Even when dogs are bred humanely, the amount of inbreeding it takes to maintain a true lineage can have catastrophic results. Think of the German shepherd, perked ears, sloping back, black along the dorsal, and sandy countershading. A show-worthy dog can take a breeder years of gathering the right genetics in the breeding pair. Occasionally, the parents may end up being related or from the same litter, making them siblings. As shocking as this may be, the practice is perfectly legal in the U.S. The offspring may meet show standards, but this may come at a cost of lower intelligence and reduced lifespan. 

Dogs such as pugs, Pekingese, and bulldogs are prone to a respiratory disease called Brachycephalic Airway Syndrome, which is the broad term for obstruction of the airways. Their noses have been squashed flat through decades of selective breeding. The unnatural position of the airways leads to collapse of the trachea and difficulty breathing. Dogs of this type also experience trouble mating. The enlarged heads of the fetuses make a natural birth difficult. In fact, 80% of bulldogs are born through cesarean section.

 In contrast, adopting from a shelter is a great way to get a new pet. There are tens of thousands of homeless dogs in shelters around the nation. Not only are they more affordable than bred dogs, but healthier too. The average cost to adopt a canine from a shelter is $110, comparable to the price of a purebred puppy, which ranges from $200 to $1000. Since most dogs taken in by organizations were born stray, their genes tend to be more mixed. Mutts, they’re usually called. The mixed lineage varies from dog to dog, so the chances of landing on a recessive gene disorder is very low. Another benefit of adopting a dog is that they are generally adults and house trained. Going through the process of teaching a pup where to go potty is a pain! They require intense supervision in the first few months.

Additionally, well-intentioned people may attempt to adopt a specific breed from the shelter, but have no luck finding one. Popular breeds such as beagles very rarely stay in shelters long. Waiting for the right dog to be available for adoption takes patience, and the long waiting lists can often cause people to turn to breeders instead. One possible alternative is finding dog specific rescues. There are hundreds of organizations in Southern California alone that may specialize in finding homes for a specific breed. 

Shelters certified “humane” are independently run and do NOT euthanize animals due to overcrowding. The adoption fee will typically cover the cost of the dog being spayed/neutered ahead of time. Providing unloved dogs with a new home is a respectable and compassionate move.
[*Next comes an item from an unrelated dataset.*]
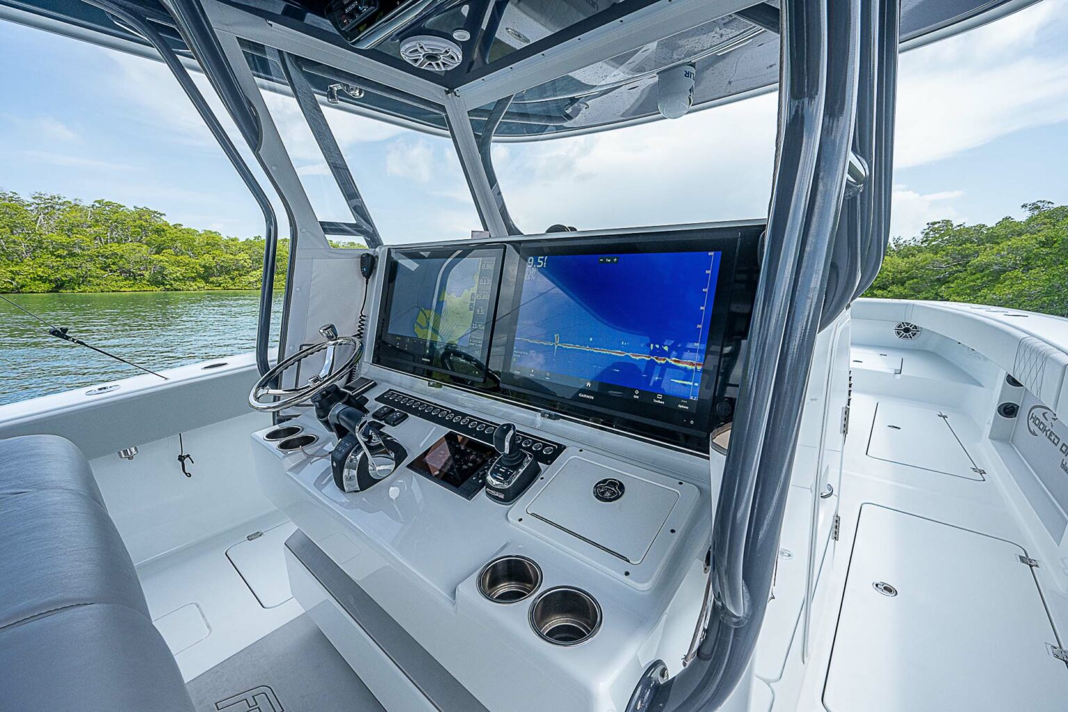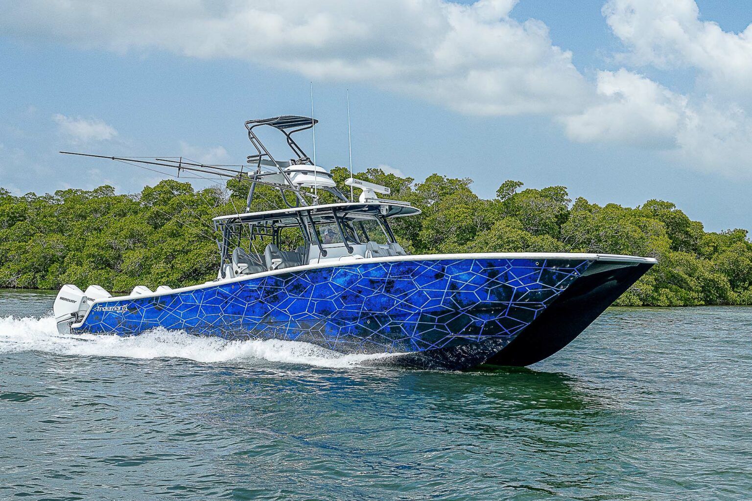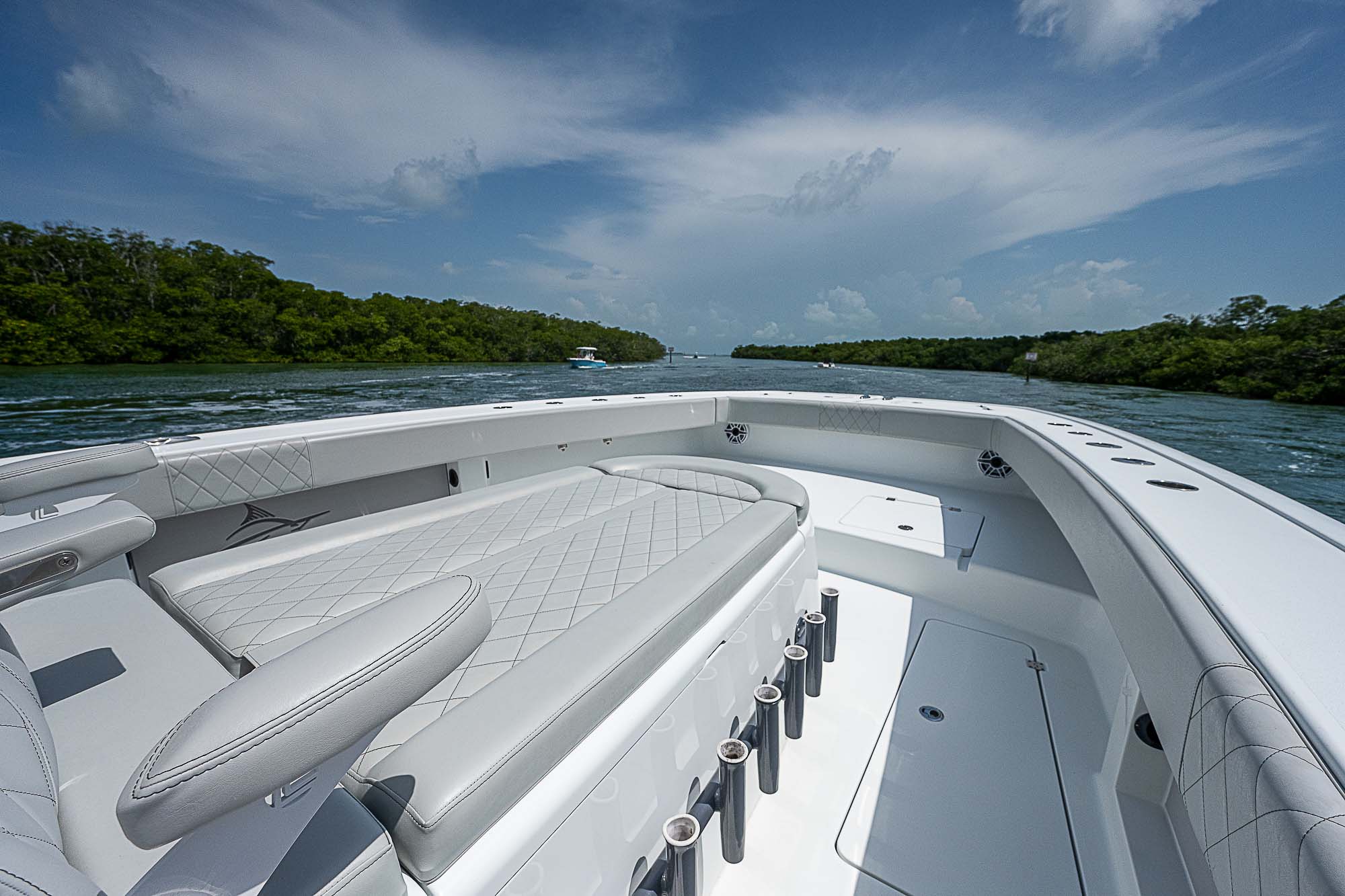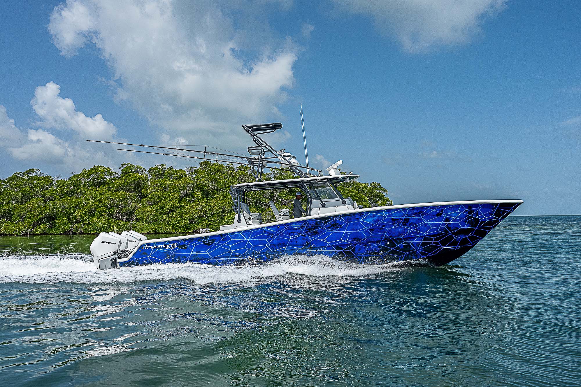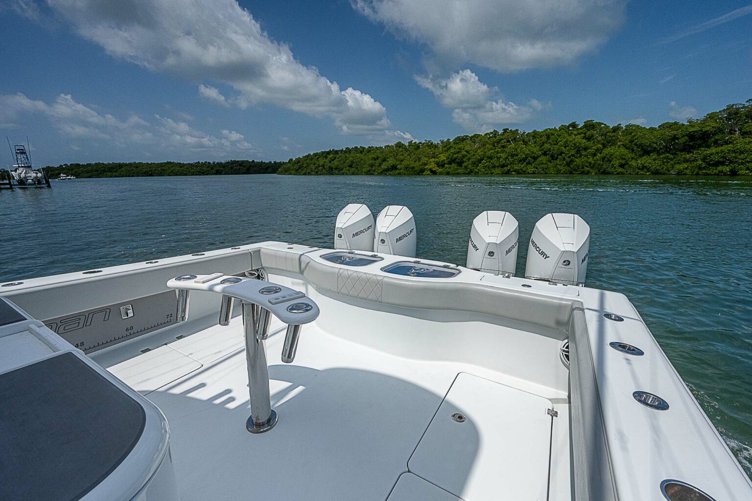 This 2021 42 Freeman is a fishing machine! It has double row seating, a rigging station, chiller plates, outriggers, foldable tower with controls, Garmin electronics, JL Audio Sound System, and more! This boat is perfect for fishing the USA or doing trips to the Bahamas! The engines currently have right at 1000 hours currently and have platinum warranty until December 2025.

Well known local adoption centers include the San Gabriel Humane Society and the Pasadena Humane Society. Some people may also be looking to rehome their pets due to moving or health circumstances. Stepping in to take in these dogs, who would otherwise be sent to a shelter, can help give the former owners peace of mind. 

If you or anyone you know is looking for a dog, definitely consider adopting over buying. Where you decide to put your money can benefit both you and your future pet.